• [MATERIAL FOR THE TASK]
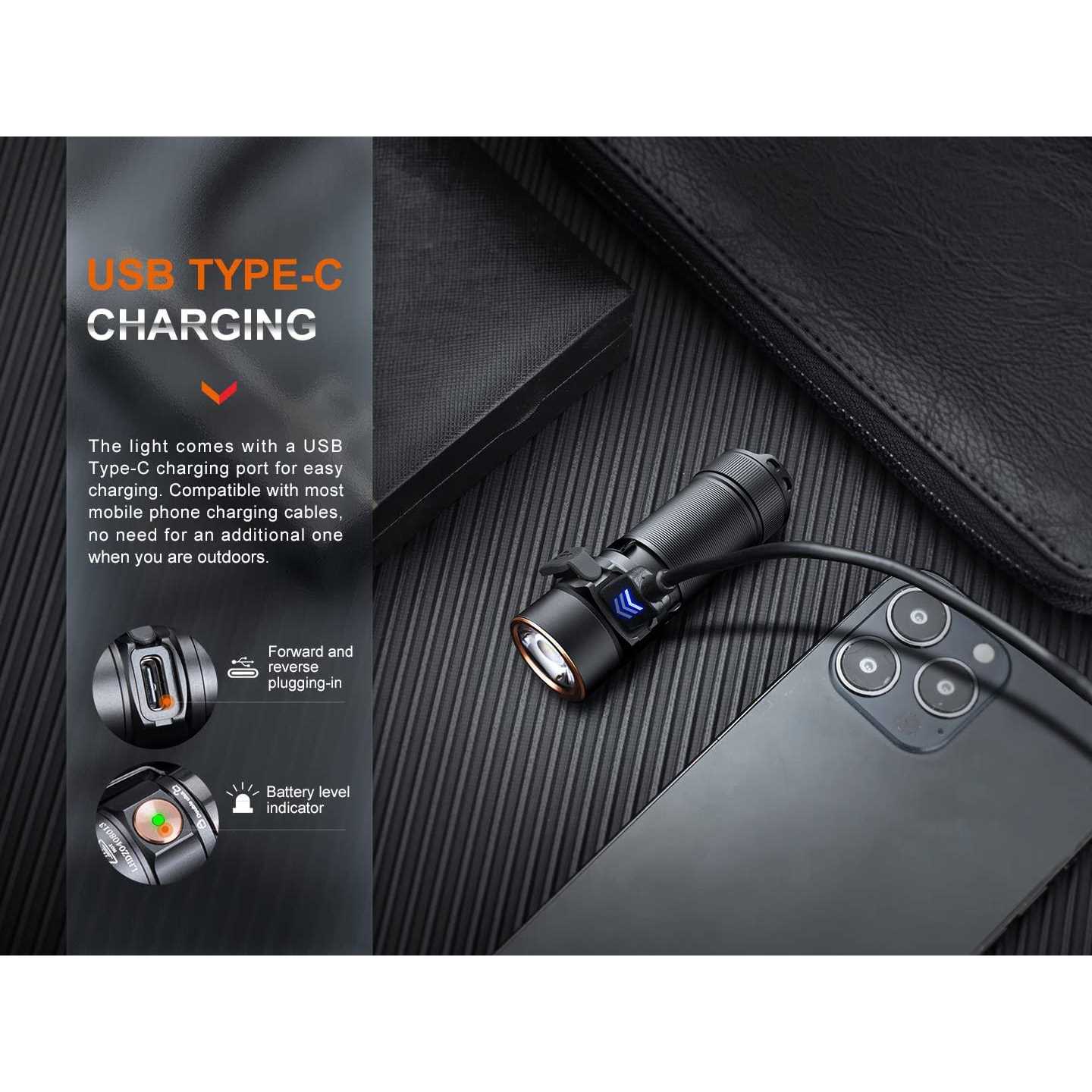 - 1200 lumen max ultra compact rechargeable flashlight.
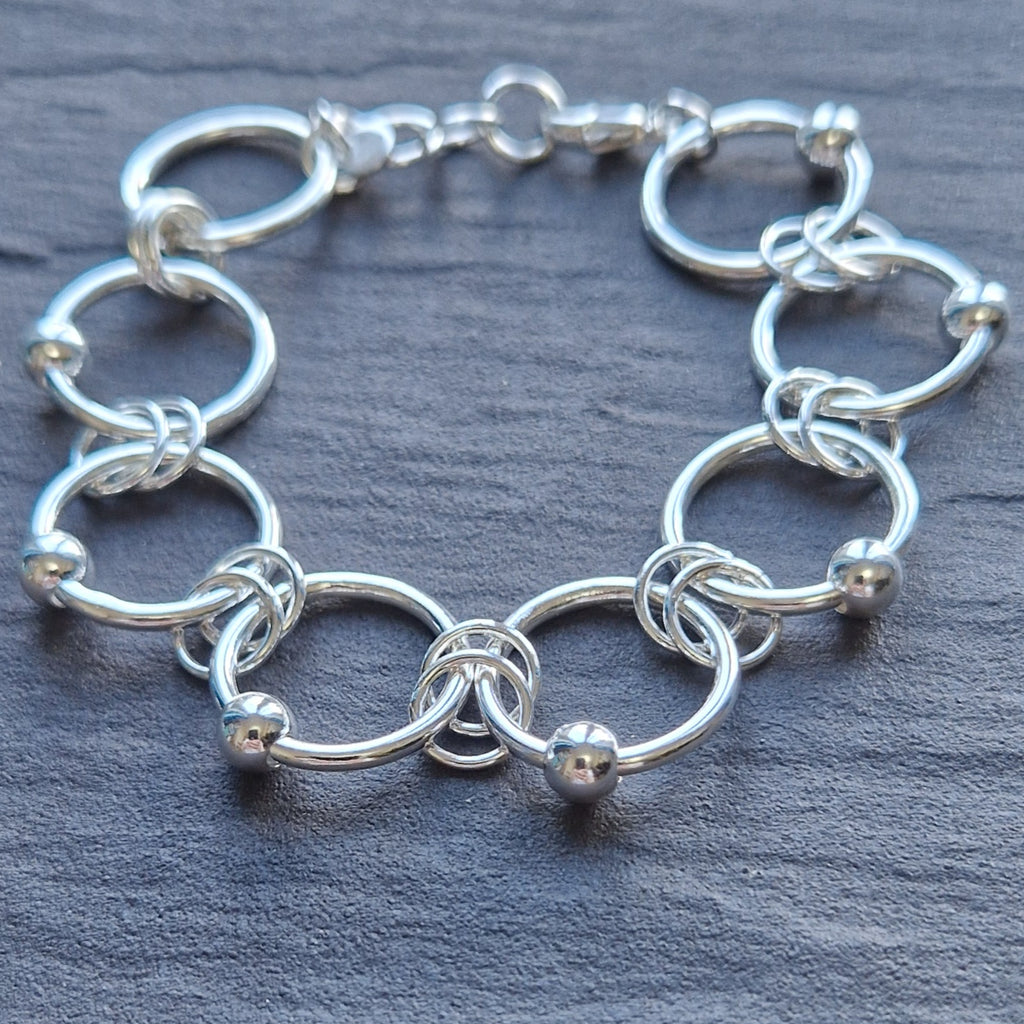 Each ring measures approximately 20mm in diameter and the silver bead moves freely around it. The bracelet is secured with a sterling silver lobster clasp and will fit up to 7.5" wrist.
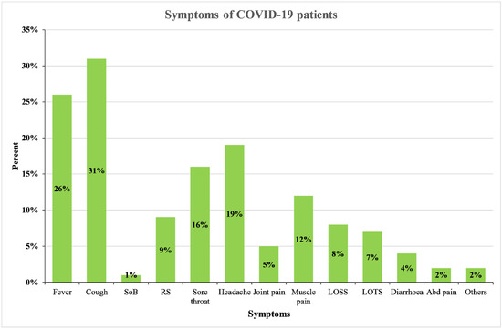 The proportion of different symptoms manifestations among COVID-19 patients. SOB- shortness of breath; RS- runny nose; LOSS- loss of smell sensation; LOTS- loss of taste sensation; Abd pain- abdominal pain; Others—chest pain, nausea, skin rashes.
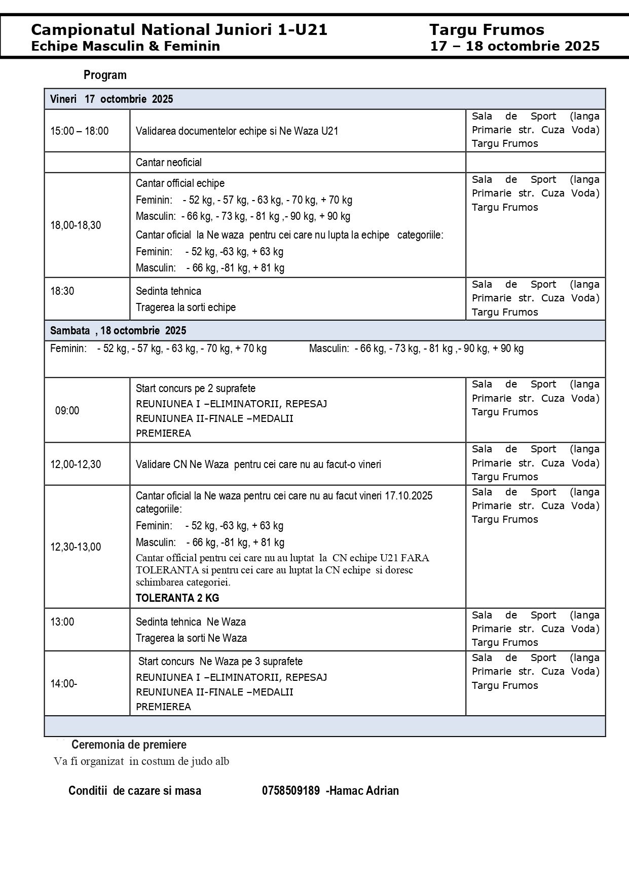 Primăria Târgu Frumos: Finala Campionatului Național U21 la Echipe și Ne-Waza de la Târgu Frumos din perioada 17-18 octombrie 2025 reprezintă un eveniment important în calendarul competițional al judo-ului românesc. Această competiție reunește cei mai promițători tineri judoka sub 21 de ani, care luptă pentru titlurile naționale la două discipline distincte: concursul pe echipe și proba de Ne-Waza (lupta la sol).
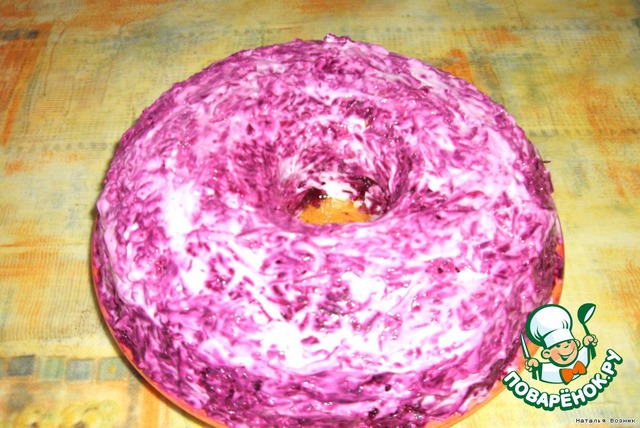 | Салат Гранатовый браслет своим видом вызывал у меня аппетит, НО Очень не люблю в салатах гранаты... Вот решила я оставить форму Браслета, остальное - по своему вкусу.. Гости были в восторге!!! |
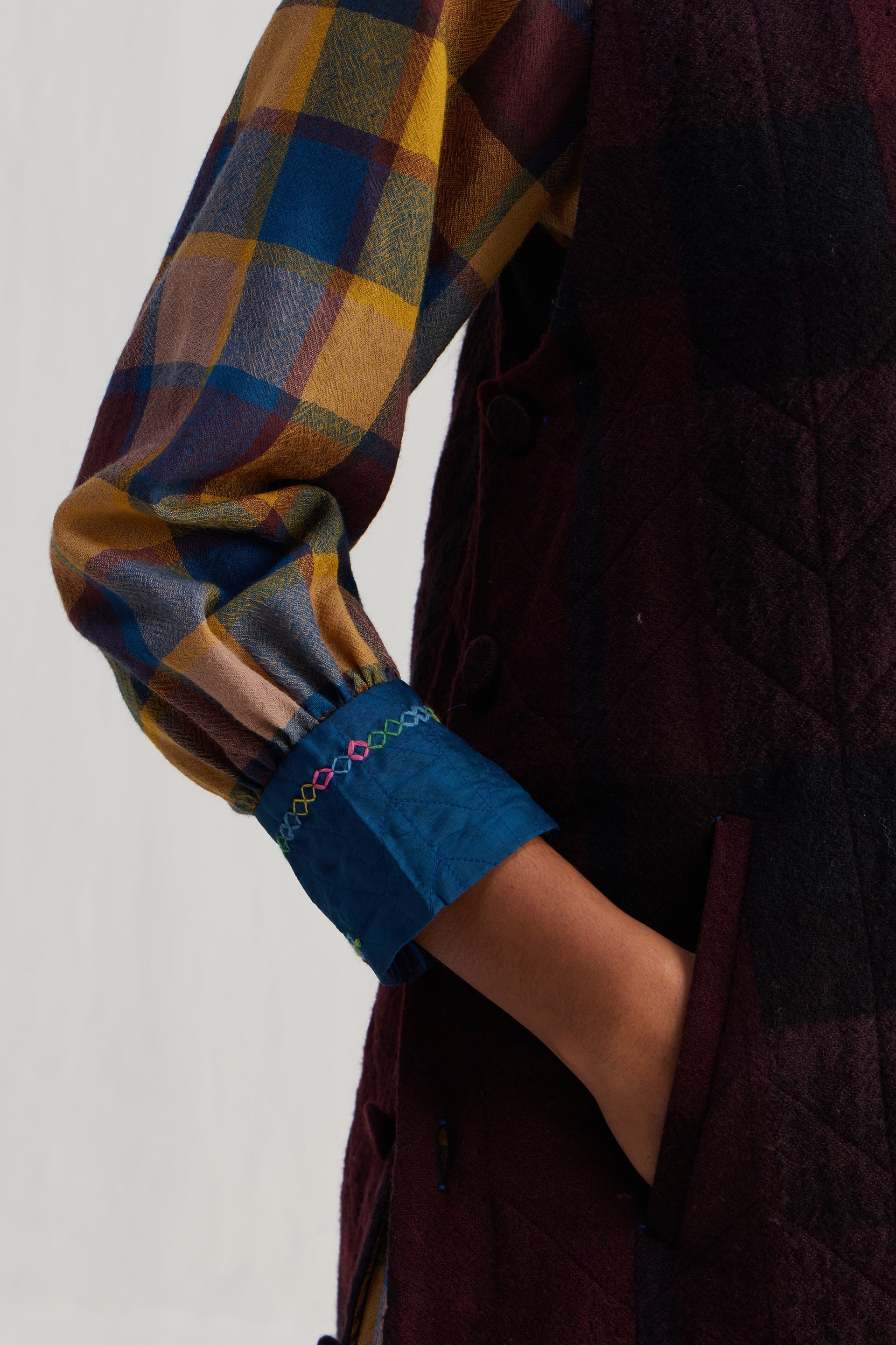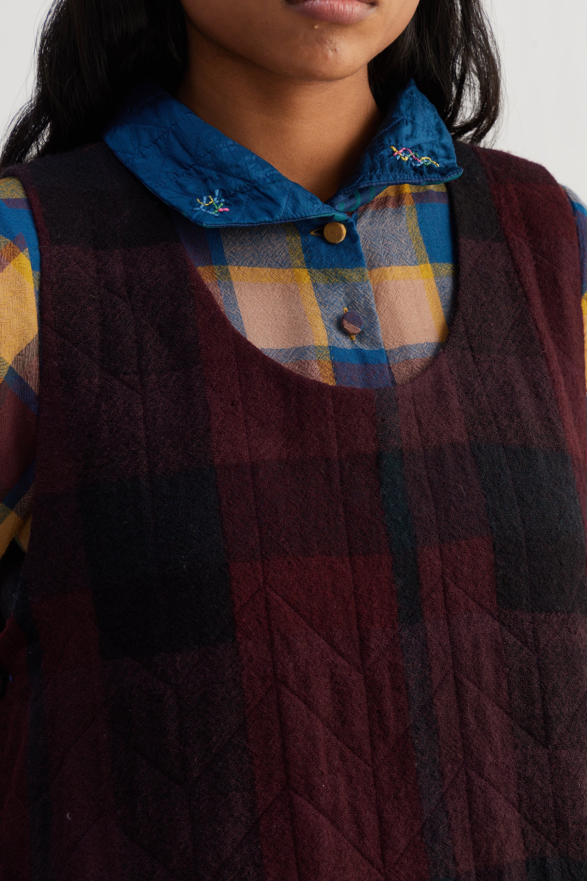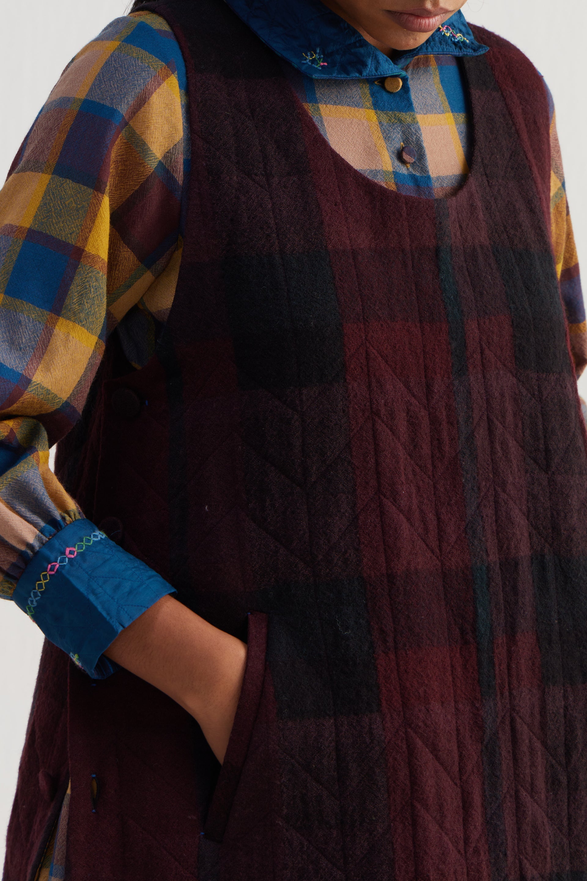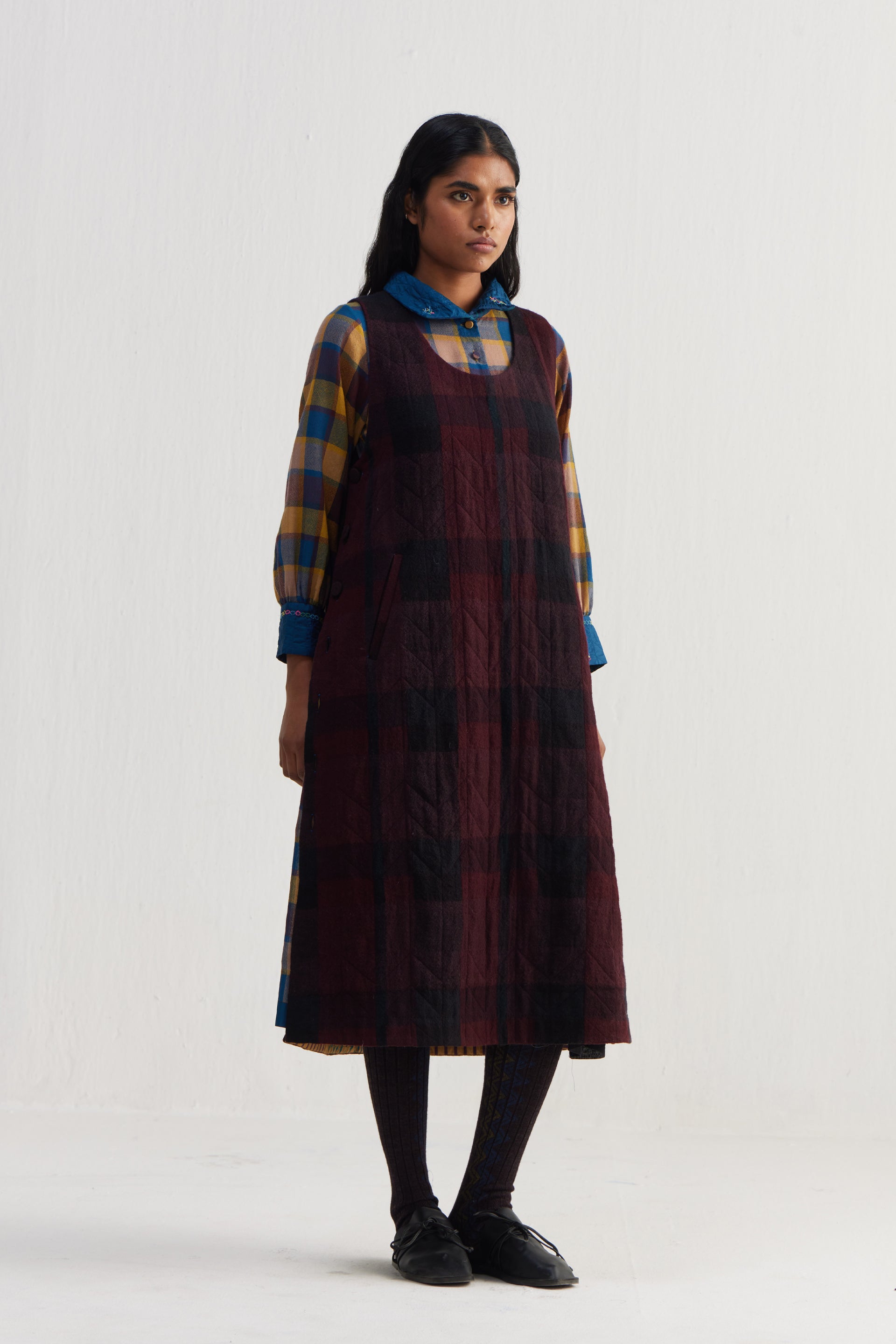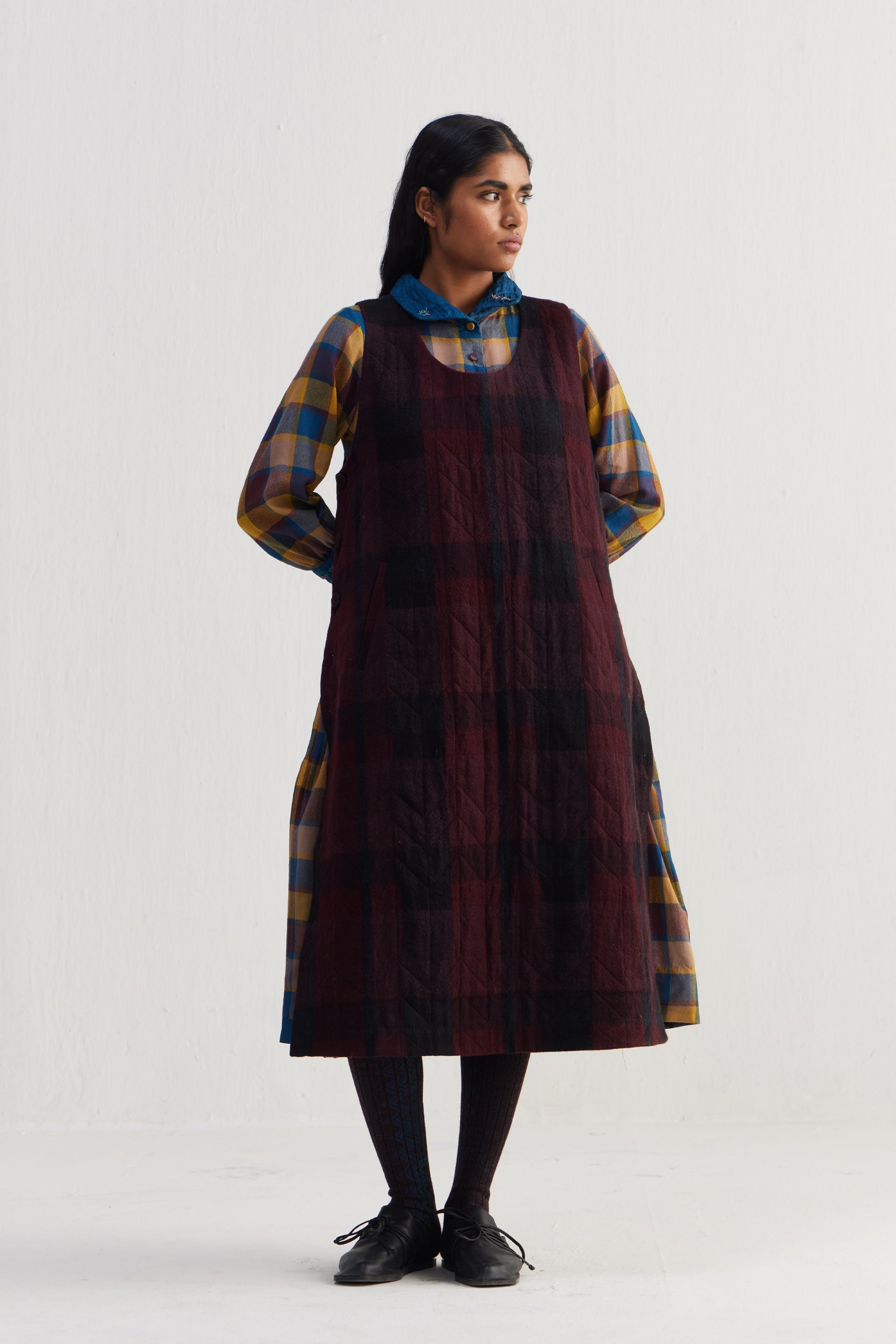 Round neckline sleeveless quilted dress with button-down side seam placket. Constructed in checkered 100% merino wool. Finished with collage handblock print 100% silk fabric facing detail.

• [PROBLEM REQUIREMENTS] With the pictures omitted, reproduce the records in full and exactly.

• [EXERCISE RESULT]
 - 1200 lumen max ultra compact rechargeable flashlight.
 Each ring measures approximately 20mm in diameter and the silver bead moves freely around it. The bracelet is secured with a sterling silver lobster clasp and will fit up to 7.5" wrist.
 The proportion of different symptoms manifestations among COVID-19 patients. SOB- shortness of breath; RS- runny nose; LOSS- loss of smell sensation; LOTS- loss of taste sensation; Abd pain- abdominal pain; Others—chest pain, nausea, skin rashes.
 Primăria Târgu Frumos: Finala Campionatului Național U21 la Echipe și Ne-Waza de la Târgu Frumos din perioada 17-18 octombrie 2025 reprezintă un eveniment important în calendarul competițional al judo-ului românesc. Această competiție reunește cei mai promițători tineri judoka sub 21 de ani, care luptă pentru titlurile naționale la două discipline distincte: concursul pe echipe și proba de Ne-Waza (lupta la sol).
 | Салат Гранатовый браслет своим видом вызывал у меня аппетит, НО Очень не люблю в салатах гранаты... Вот решила я оставить форму Браслета, остальное - по своему вкусу.. Гости были в восторге!!! |
 Round neckline sleeveless quilted dress with button-down side seam placket. Constructed in checkered 100% merino wool. Finished with collage handblock print 100% silk fabric facing detail.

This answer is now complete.